Figure 3Operons in the Ciona genome. In the genomic region indicated, 5'-ESTs (yellow boxes) and 3'-ESTs (purple boxes) clearly indicate that there are (a) two and (b) three genes encoded. (Note that the genomic region indicated in (a) is not included in the version 2 genome and there are no version 2 gene models.) Previous models (pink boxes) failed to model these loci precisely and the present study yielded gene models that faithfully reflect cDNA evidence. The lower panel in (a) is a magnification of the region around the intergenic region of this operon and the inset shows corresponding DNA sequences.
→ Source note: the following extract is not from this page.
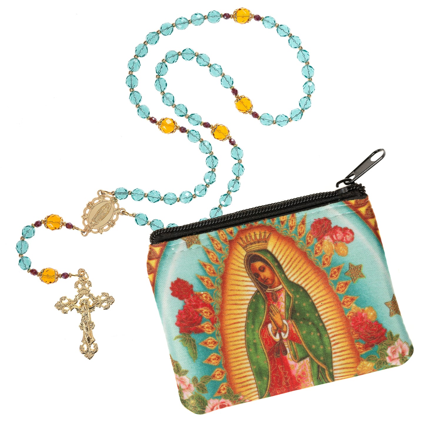 This rosary and rosary pouch are gifted together in this exclusive set to provide not only an exquisite rosary but with it a zipper closure rosary pouch. These two items are a perfect match as the turquoise, red, and gold colors from the rosary beautifully reflect the vibrant colors from the pouch which features Our Lady of Guadalupe. The centerpiece of the rosary also depicts Our Lady as she appeared to Juan Diego, an image which was miraculously imprinted on his tilma and still exists today. TheĀ Hail Marys of this rosary are a striking turquoise fire-polished crystal that reflects the light beautifully and reminds us of the beauty of the Virgin of Guadalupe.She is the patroness of Mexico, the Americas, and the Unborn. Keep this beautiful rosary safe and secure in this rosary pouch which fits in any pocket, purse, or backpack. Get the pouch personalized on the back to make a special Catholic gift for a female with a strong devotion to the Virgin of Guadalupe.Ā

Statistics of the KH gene model set
| Predicted gene loci | 15,254 |
| Predicted transcripts | 24,025 |
| Transcripts that putatively encode the full ORF | 20,239 |
| Transcript 5'-ends identified by SL ESTs | 11,797 |
| Transcript 5'-ends identified by non-SL oligocapping ESTs | 818 |
| In-frame stop codons in the 5'-region of the longest ORFs of transcripts not represented by 5'-full-length ESTs | 7,624 |
| Operons | 1,310 |
| Operon genes | 2,909 |
Introns with GT-AG, GC-AG and AT-AC terminal dinucleotides
| Terminal dinucleotides | Number of introns |
| GT-AG | 112,989 |
| GC-AG | 556 |
| AT-AC | 40 |
| Uncategorized* | 294 |
| Total | 113,879 |
*The terminal dinucleotides of these introns contain 'N'.
Numbers of genes per operon
| Number of genes per operon | Number of operons |
| 2 | 1,079 |
| 3 | 185 |
| 4 | 36 |
| 5 | 8 |
| 6 | 2 |
Figure 4Prevalence of single-exon 5'-most genes in Ciona operons. Ratio of genes containing a given number of exons within non-operonic (blue) and operonic (green) gene populations. Red and black lines indicate the ratio within the 5'-most upstream genes encoded in operons and the downstream operonic genes, respectively. Genes with 11 or more exons are not shown in this graph for simplicity. Note that single-exon genes are more prevalent in operons than in the non-operon (monocistronic) gene population, and are especially prevalent among the 5'-most genes of operons.